This seems a bit redundant in making a DF and then joining. Should I just add a column of low/mid_vol .over("symbol) and then filter? I would greatly appreciate any ideas! Thanks

import polars as pl

def vol_buckets2(
    data: pl.DataFrame | pl.LazyFrame,
    lo_quantile: float = 0.4,
    hi_quantile: float = 0.8,
    _column_name_volatility: str = "realized_volatility",
) -> pl.DataFrame | pl.LazyFrame:
    """
    Calculate volatility buckets for each symbol without using `map_groups`.
    This function segments the input data into three volatility categories based on the specified quantiles of the volatility column.
    """
    # Ensure data is a LazyFrame for efficient computation
    if isinstance(data, pl.DataFrame):
        data = data.lazy()

    # Calculate low and high quantiles for each symbol
    low_vol = data.select(
        [(pl.col(_column_name_volatility)
        .quantile(lo_quantile)
        .over("symbol")
        .alias("low_vol")), pl.col("symbol"), pl.col("date")
    ])
    high_vol = data.select(
        pl.col(_column_name_volatility)
        .quantile(hi_quantile)
        .over("symbol")
        .alias("high_vol"), pl.col("symbol"), pl.col("date")
    )

    # Join quantile calculations back to the original data
    data = data.join(low_vol, on=["symbol", "date"], how="left")
    data = data.join(high_vol, on=["symbol", "date"], how="left")

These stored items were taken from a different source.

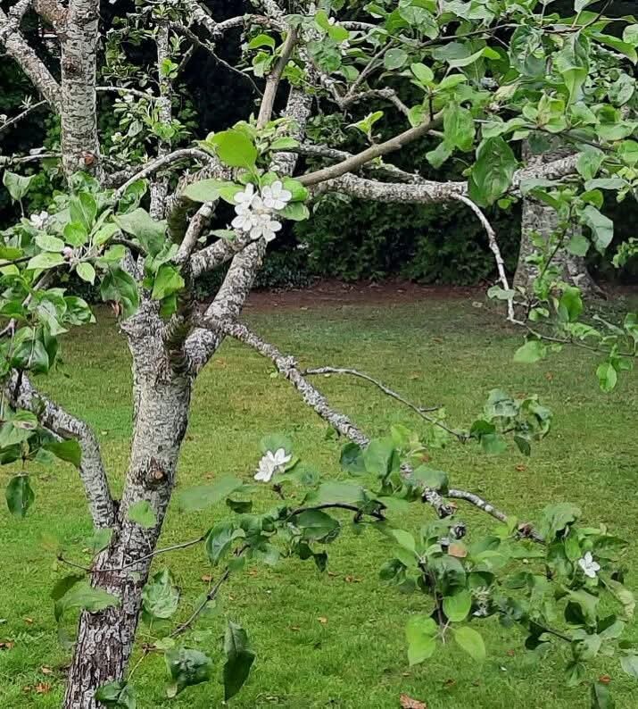 En del jordgubbsplantor har börjat blomma igen. Den kinesiska kärleksörten blommar fint långt in på hösten och lockar till sig många insekter.
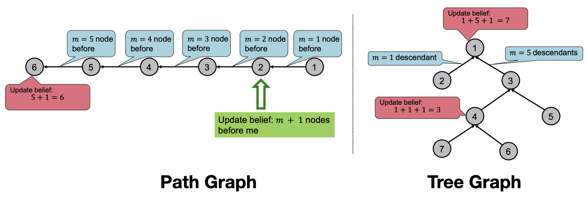각 Node에서는 Update Belief 동작이 일어나며, 이 때 이전 Node의 Message와 현재 Node의 정보를 결합해서 Belief를 계산한다. Path 구조에서는 In-Link에서 Out-Link 방향으로 진행되며 Tree 구조에서도 마찬가지로 In-Link(Leaves)에서 Out-Link(Root) 방향으로 Message Passing이 진행된다.
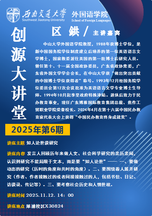 主讲人介绍:中山大学外国语学院教授,1988年获博士学位,是新中国国务院学位制度建立后培养的第一位英语语言文学博士,国家教委派往英国的第一批博士后研究人员。曾任第十、十一届全国政协委员,广东省政协常委,广东省外国文学学会会长,在中山大学获“做出突出贡献的中国博士学位获得者”称号。1993年12月经国务院学位委员会第12次会议批准为英语语言文学专业博士生导师。退休后致力于民办教育事业,现任广东博雅国际教育集团总裁、焦作工贸职业学院荣誉校长。2024年4月在第十六届中国民办教育家代表大会上获得“中国民办教育终身成就奖”。
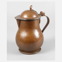 18. Jh., getrieben und innen verzinnt, verstärkter Fußring und Deckelkante, genietete Bänder, Gebrauchsspuren, H 27 cm.
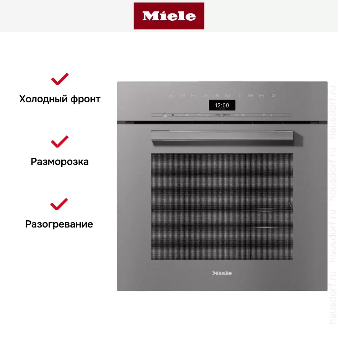 Miele DGC 7460 GRGR — комбинированный прибор для встраивания в колонну, который отличается большим объемом камеры. Модель в корпусе цвета «графитовый серый» позволяет готовить на пару, с помощью верхнего и нижнего жара, конвекции, гриля. Для удобства пользователя предусмотрены автоматические программы с индивидуальной настройкой процесса приготовления. До 20 программ можно сохранить в памяти. Безопасность использования обеспечивают холодный фронт и блокировка панели управления от детей.

    # Determine the volatility bucket for each row using expressions
    vol_bucket = (
        pl.when(pl.col(_column_name_volatility) <= pl.col("low_vol"))
        .then(pl.lit("low"))
        .when(pl.col(_column_name_volatility) <= pl.col("high_vol"))
        .then(pl.lit("mid"))
        .otherwise(pl.lit("high"))
        .alias("vol_bucket")
    )

    # Add the volatility bucket column to the data
    data = data.with_columns(vol_bucket)

    # Drop the intermediate quantile columns
    data = data.drop(["low_vol", "high_vol"])

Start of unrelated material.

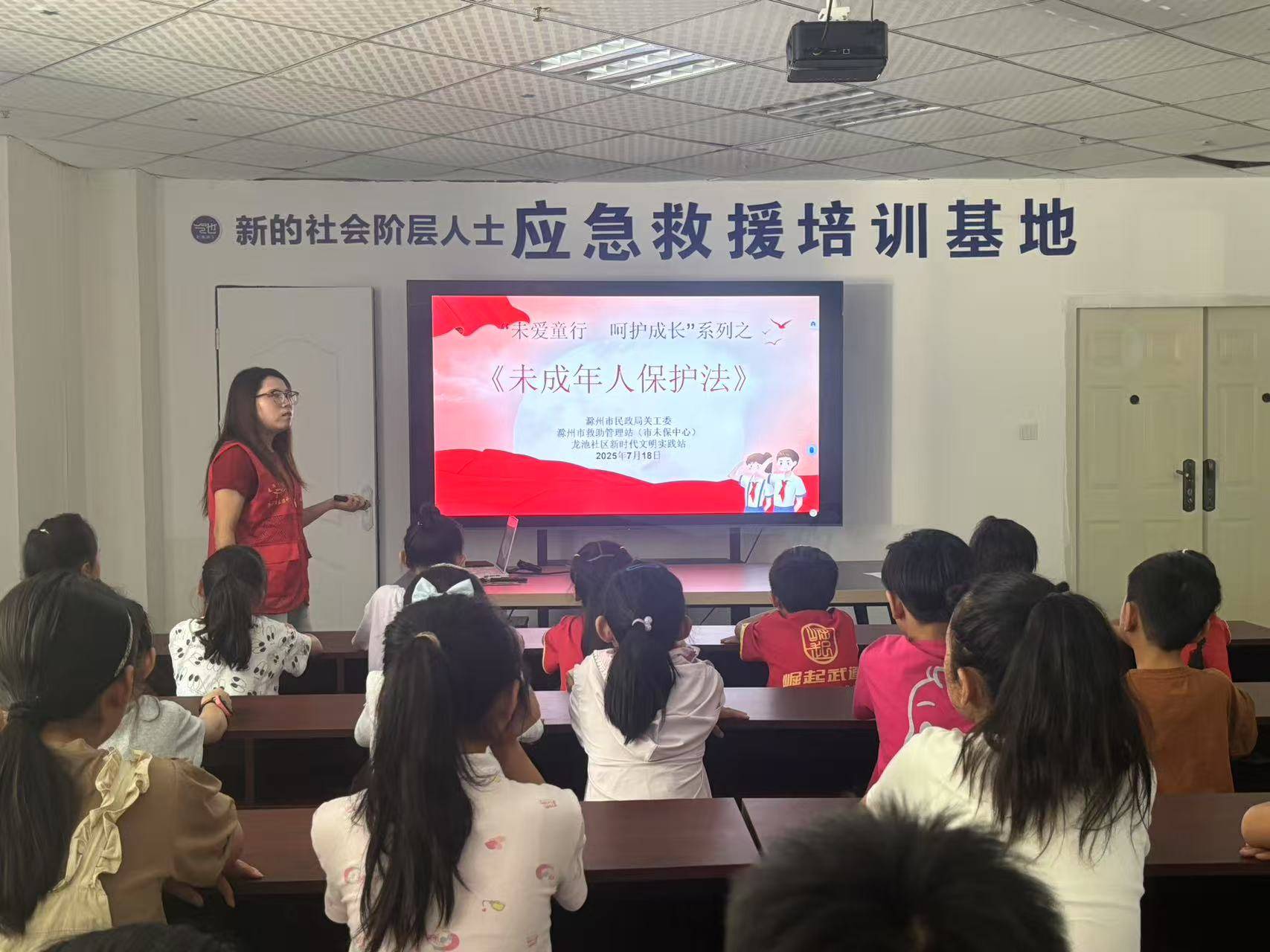 针对暑假天气炎热,孩子在家独处时间长、管控难度大的情况,为让小朋友们度过一个安全、愉快充实的假期。邀请专业社工机构,一同深入部分社区(村居),组织未成年人开展《未成年人保护法》、《预防未成年人犯罪法》、《未成年人网络保护条例》、防溺水宣传教育活动。首场活动当日在龙池社区开启,社工志愿者老师通过短视频和图片向同学们诠释“两法一条例”重点内容,讲演防溺水的避险举措。并开展有奖互动问答,激发大家的参与兴致,现场互动氛围热烈。对培养未成年人学法、知法、用法自我保护安全意识,促进健康快乐成长具有良好的引导作用,受到社区、家长、同学们的欢迎。
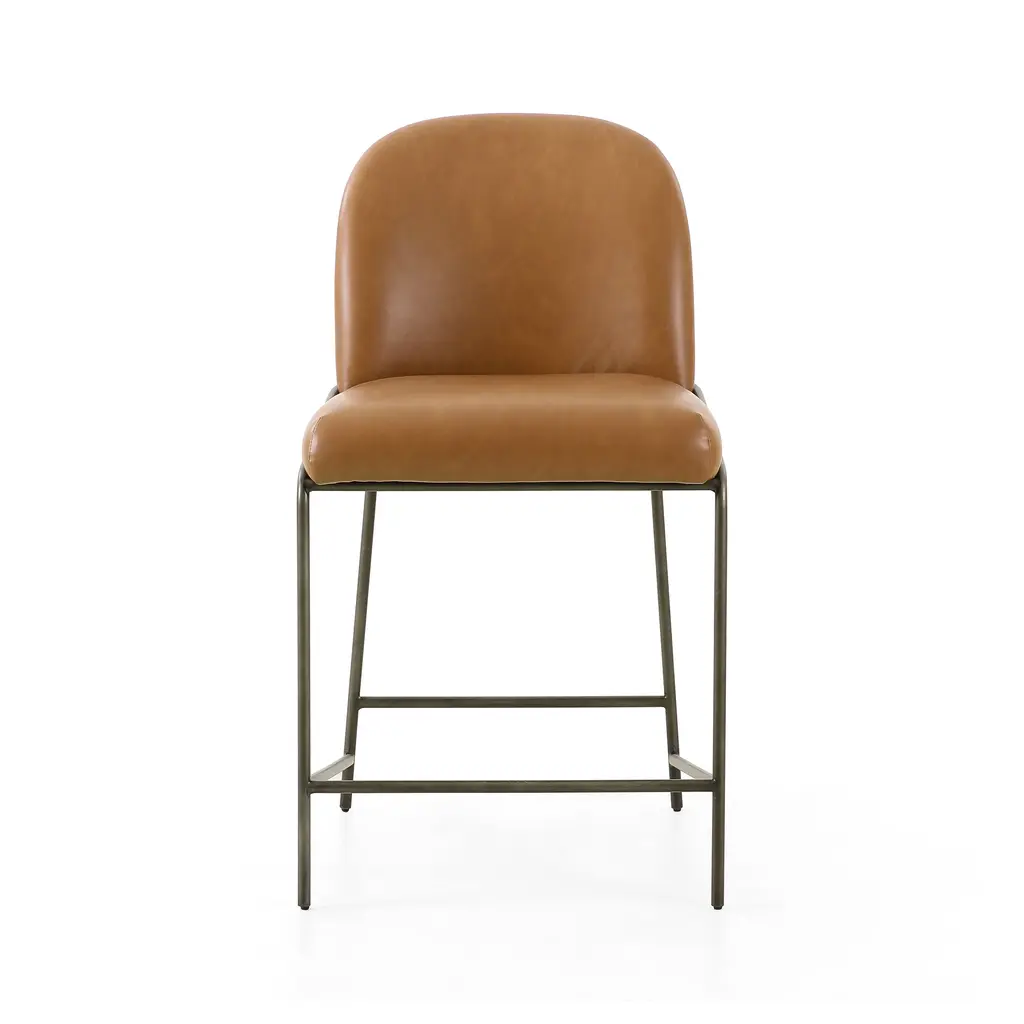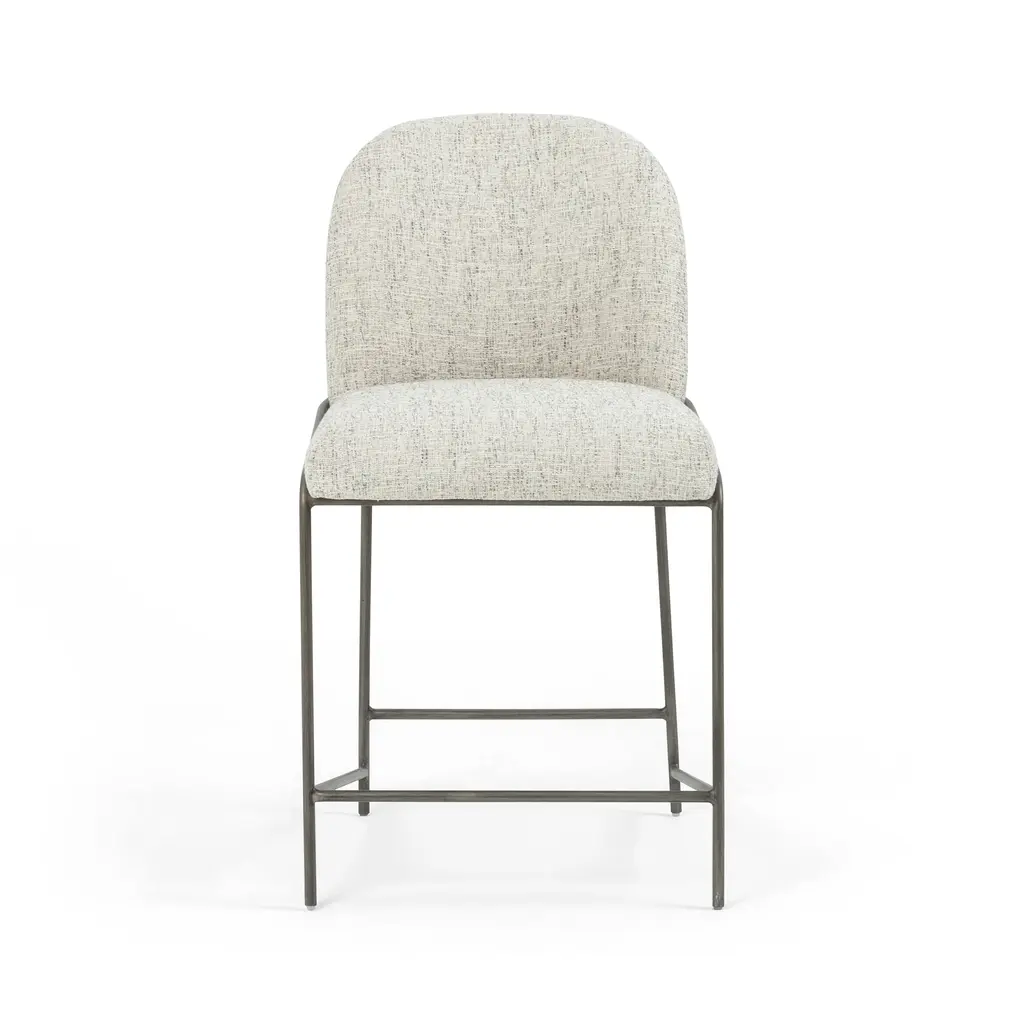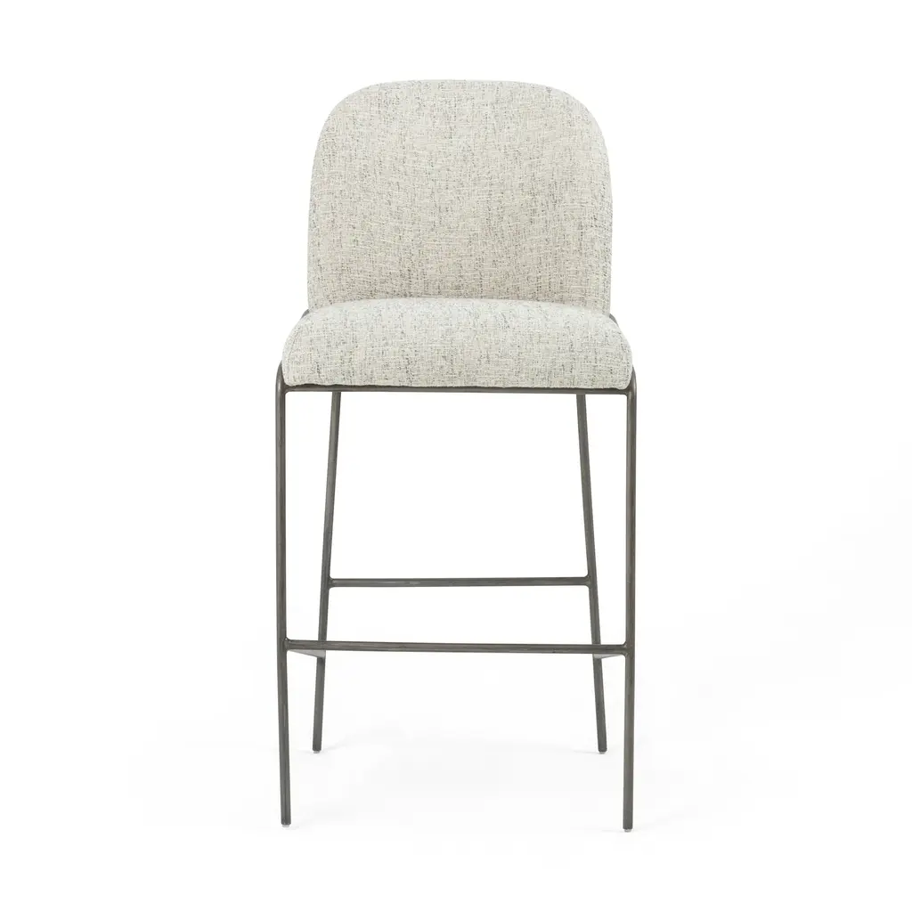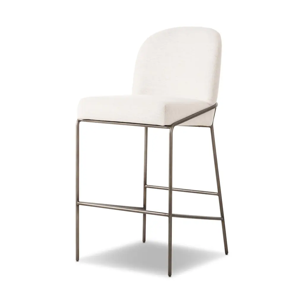 A unique statement piece, the Astrud Bar & Counter Stool from Four Hands is designed to bring dreamy Art Deco flair to any home. Its finely crafted, scalloped back is upholstered with luxurious performance fabric or faux leather atop slim, iron tube framing. The Fiqa fabrics are designed for maximum comfort and durability, and are stain-resistant, water-repellent, and antimicrobial. Add sophistication and timeless style to any room with this exquisite seating design. Highlights

    return data.collect() if isinstance(data, pl.LazyFrame) else data

>Solution :

You can achieve the same functionality using polars’ expression API with pl.Expr.qcut.

def vol_buckets_new(
    data: pl.DataFrame | pl.LazyFrame,
    lo_quantile: float = 0.4,
    hi_quantile: float = 0.8,
    _column_name_volatility: str = "realized_volatility",
) -> pl.DataFrame:

    if isinstance(data, pl.LazyFrame):
        data = data.collect()

    result = data.with_columns(
        pl.col(_column_name_volatility)
        .qcut([lo_quantile, hi_quantile], labels=["low", "mid", "high"])
        .over("symbol")
        .alias("vol_bucket")
    )

    return result.lazy()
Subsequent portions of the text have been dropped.